Got a few pictures; this one is Chuck, who I used to lust over at the gym, doing his sign-carrying bit.

There are a few more adventures I'm not going to write about, and David is around enough to make me not feel lonely, but I miss Paul. We won't be apart too often.
2010-07-20 12:31 am

Birthday, Palm Springs,new iPhone

After not being willing to wait hours to pick up an iPhone last month, I received the one I ordered about July 13th. Worth the upgrade from a 3g foir many reasons -- about twice as fast, better WiFi and 3G reception, some ability to store an image of a suspended application in memory which greatly speeds up switching apps. When I finally used the phone as a phone, though - as we were loading up the truck to move some of our stuff to Palm Springs -- I noticed the volume was so low I could hardly hear. Didn't get a chance to check this out until today, when I discovered that the plastic screen shields it came with (which I had left on, since it seemed to work fine) were cutting both speaker and microphone volume way down. Duh....

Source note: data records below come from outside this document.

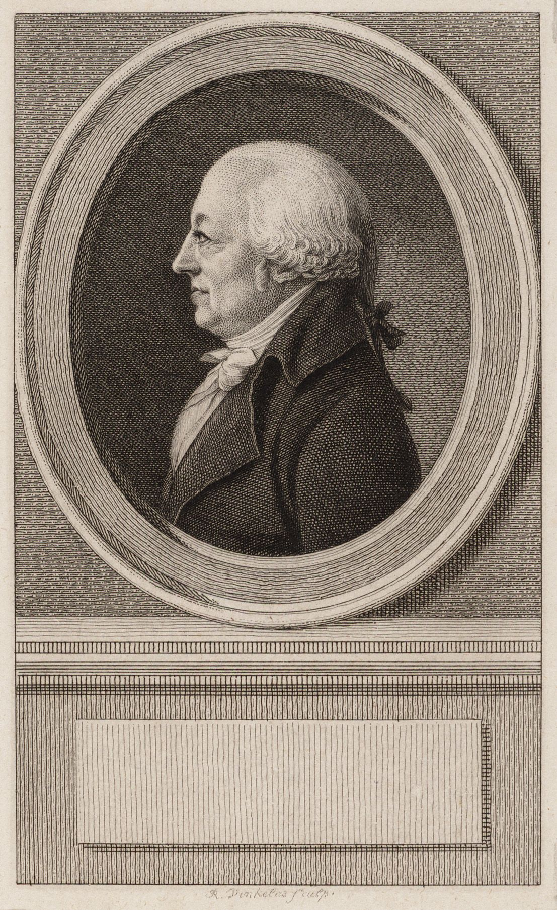 Henricus Aeneae, engraving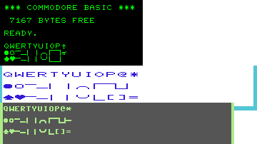 Commodore PETSCII Character Set comparison. PET, Vic-20 and C-128 (from top to bottom). All same original scales. Created with WinVice. The PET screen does not show full screen width (needs additional black background). There are different resolutions and character sets depending on PET model.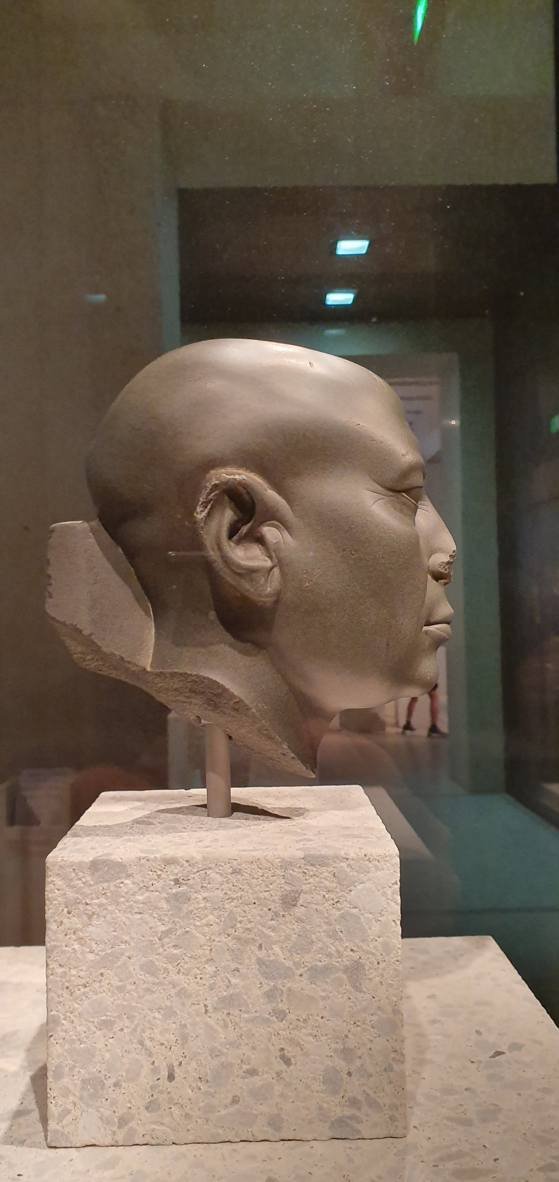 Berlin Green Head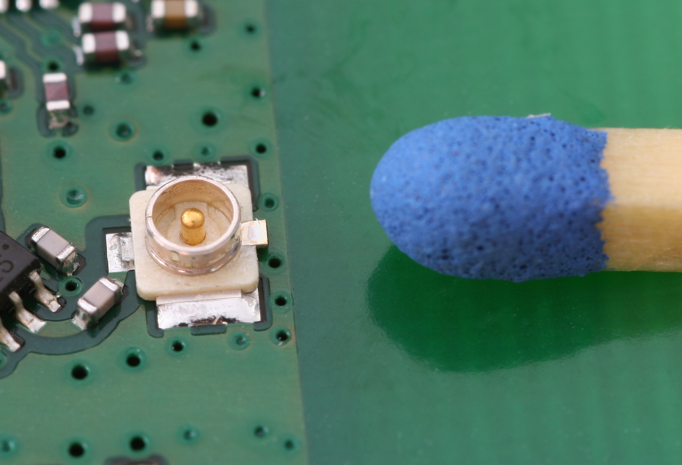 U.FL antenna connector as seen in a AVM Fritz!Box Fon WLAN 7170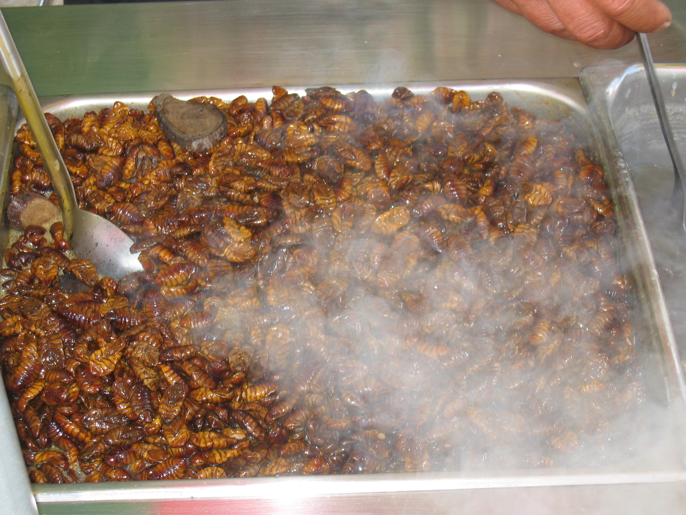 I took this photo of silkworms for sale in Korea.

So it was my birthday today. Spent most of the day unloading stuff from the truck so we can take it to the rental place here; I'll fly back to SFO August 2nd. Fielded the usual phone calls and best wishes. Almost 100 messages on Facebook, and I feel bad about not composing clever replies to each and every one. Maybe tomorrow...

Before leaving, we had a party at our place in the city -- both a delayed housewarming and a small birthday party for me. I'm not a big fan of celebrating birthdays, but Paul is, and he wasn't to be denied, so there was cake and everything. Everyone seemed to have a good time, and it was nice to see friends who have never met establishing contact.

A few pictures...
2010-07-06 11:16 am

On Facebook photo tagging

I posted those 100+ Convention photos on Facebook as well. I had intended to suggest people not automatically tag everyone in sight, since my failure to do so is intentional -- I think people should control what appears on their profile pages, and Facebook's allowing anyone to tag a photo of someone else is a bad idea. While the person so tagged can untag themselves, it's an imposition. So in general I only tag people in photos when I'm certain it's a really good photo of them that they'd want to present.

Oops, well, too late! My industrious friends have tagged everyone. Sorry to anyone who may be peeved to have their favorite photos of themselves displaced by a flood of snapshots.